> **To do**:
Your output is to hold only the lines from the one showing "Each sending session" through the end of the listing, exactly, with every picture excluded.

> **Information shown**:
══════════

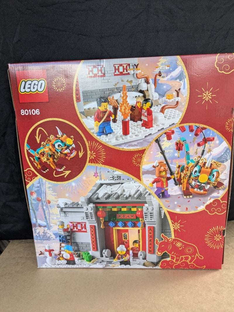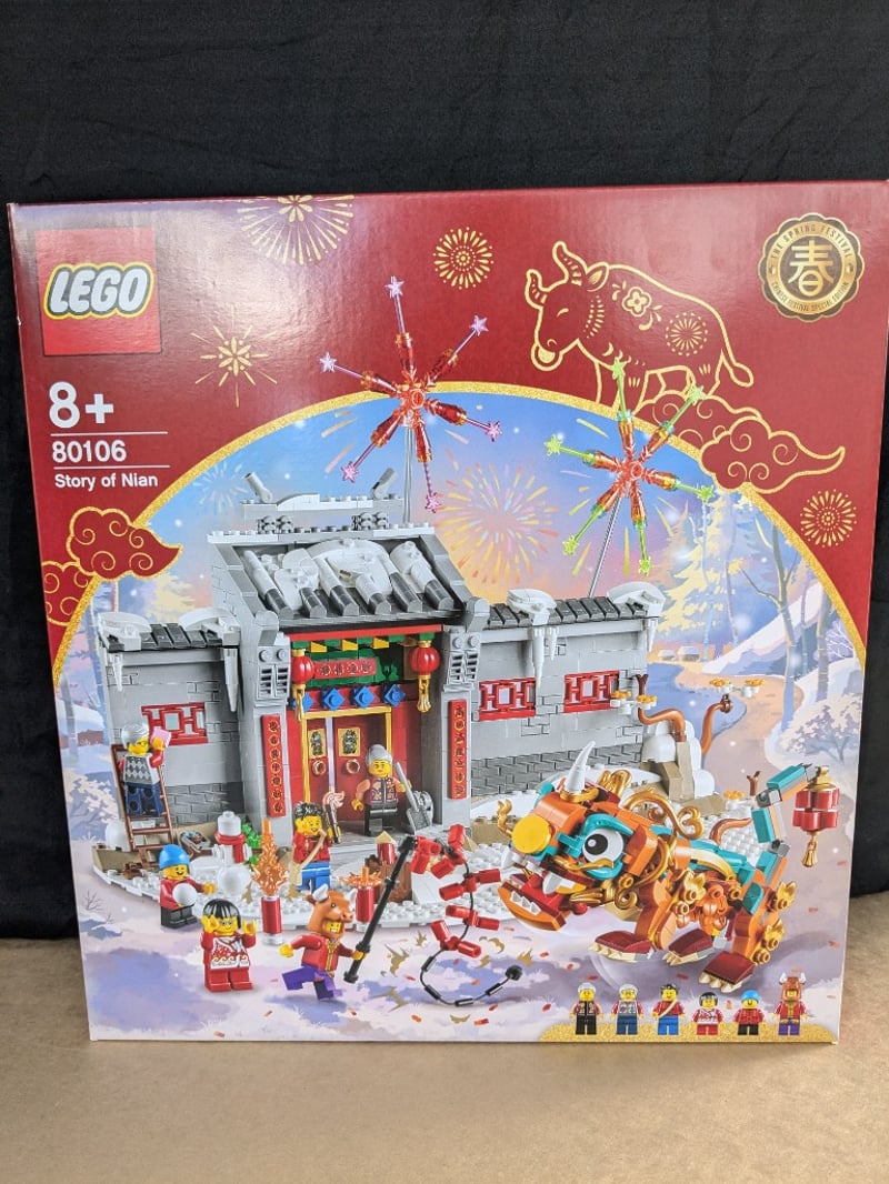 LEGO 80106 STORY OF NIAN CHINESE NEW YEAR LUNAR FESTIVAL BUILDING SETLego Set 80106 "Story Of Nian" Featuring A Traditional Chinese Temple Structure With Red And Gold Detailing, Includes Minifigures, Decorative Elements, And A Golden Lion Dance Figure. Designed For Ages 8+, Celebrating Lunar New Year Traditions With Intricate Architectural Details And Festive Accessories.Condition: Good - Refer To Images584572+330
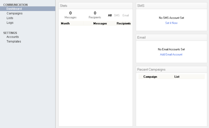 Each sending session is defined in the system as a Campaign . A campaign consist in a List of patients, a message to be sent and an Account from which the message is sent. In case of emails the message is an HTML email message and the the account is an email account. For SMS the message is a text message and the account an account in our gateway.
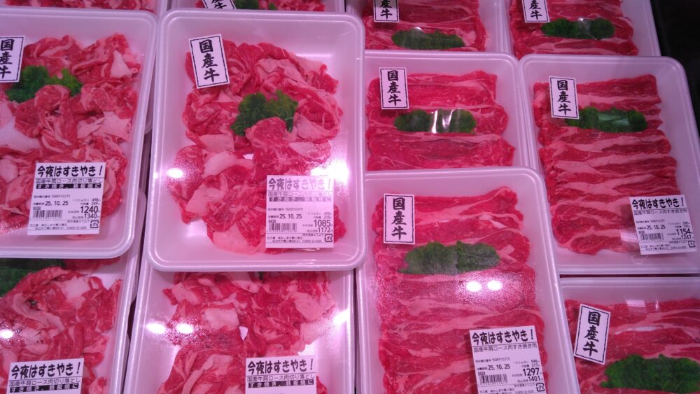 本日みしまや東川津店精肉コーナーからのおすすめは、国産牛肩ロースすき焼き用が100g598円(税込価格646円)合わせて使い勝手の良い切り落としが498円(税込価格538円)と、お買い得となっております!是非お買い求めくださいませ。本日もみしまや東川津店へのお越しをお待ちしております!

══════════

> **Solved exercise**:
 Each sending session is defined in the system as a Campaign . A campaign consist in a List of patients, a message to be sent and an Account from which the message is sent. In case of emails the message is an HTML email message and the the account is an email account. For SMS the message is a text message and the account an account in our gateway.
 本日みしまや東川津店精肉コーナーからのおすすめは、国産牛肩ロースすき焼き用が100g598円(税込価格646円)合わせて使い勝手の良い切り落としが498円(税込価格538円)と、お買い得となっております!是非お買い求めくださいませ。本日もみしまや東川津店へのお越しをお待ちしております!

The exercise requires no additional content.